What of Cripps’s mission to Russia? He went to Moscow, by appointment of Mr. Churchill, believing that Russia and England would eventually come together. Indeed a reporter testifies that Cripps predicted in the winter of 19401941 that Russia would be at war with Germany before the end of June. Hitler paid him the compliment of charging him with part of the responsibility for the break between the two countries, but the truth is that Cripps was not popular in Moscow. It is a curious fact that the Bolsheviks are not enthusiastic about liberal left-wingers. They like either convinced Communists like themselves or out-and-out conservative reactionaries. Stalin would not receive Cripps as a special delegate from Churchill, so the latter had to appoint him Ambassador. The British made a bad blunder in the fateful summer of 1939 by sending a third-string Foreign Office official and a rear admiral to Moscow to negotiate the hoped-for treaty instead of sending their Foreign Secretary and Chief of Staff. Not a Russian official went to the station to say good-bye to Cripps when he left Moscow on his return to England, but, as the London New Statesman and Nation has pointed out, Cripps came back with the prestige of having represented his country ‘in one of the few capitals where, after many failures, British policy may be said to have succeeded. . . . He held on without disaster through two extremely difficult years.’ It noted also that his absence during this time prevented anybody’s blaming him ‘for any of our various types of disaster during the last three years.’

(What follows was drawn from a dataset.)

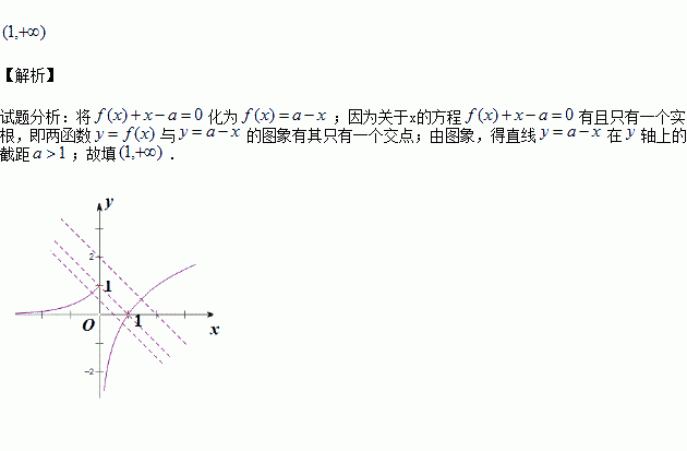 已知函数f(x)=且关于x的方程f(x)+x-a=0有且只有一个实根,则实数a的取值范围是________.

Mention has been made of Cripps as one with a popular following. That is true. He draws enormous audiences and yet he is in no sense a spellbinder. As an orator he lacks those rare qualities which so distinguish the utterances of Roosevelt and Churchill. He does not thrill his audiences or appeal to their emotions. On the platform he is the sincere and earnest advocate, logical, clear-cut, thoughtful, and often convincing — plainly a man who believes in his own cause, whose unselfish honesty cannot be questioned. He makes his auditors think, and, as stated, he offers them programs, procedures, and remedies. The working people of England know that he has never stooped to conquer, that he has never played the demagogue or sought to rouse the rabble. They are ready to forgive him errors of judgment; and they do not mind if, like most reformers, his judgments are at times colored by his ardent desires. They respect him, too, because he always appears just what he is — an English gentleman of finest breeding and culture, who is totally without condescension in his advocacy of their cause.

That he has a delightful and winning personality and appearance this writer can personally testify. The memory of a long, but not long enough, day of conversation from the French coast to the border of Switzerland, interrupted by some hours in Paris, will always remain, if only because of a lasting astonishment at the extraordinary variety of Cripps’s knowledge of men and affairs the world over. What will high office and the exercise of great power do to him? Will he, like so many another liberal, grow conservative and reactionary? Will he, like Ramsay MacDonald, finally betray those whose political briefs he has taken ? There is solid ground for the belief that he will not. For his is the lawyer’s mind and training; there is something far stronger and tougher in his fibre than in MacDonald’s. One feels, rightly or wrongly, that he will be aware of the dangers that confront him. Then he is Parmoor’s son and, what is more, a nephew of his mother’s sister, Beatrice Webb, who, with her husband Sidney Webb, has rendered such immeasurable service to the social progress and evolution of England. Months ago it seemed plain, if only by a process of elimination, that Cripps is England’s coming man. It is quite within the range of possibility that he will yet be an English Prime Minister — perhaps after Winston Churchill has seen the coming of victory. Today? Well, there is a rebel in the British Government.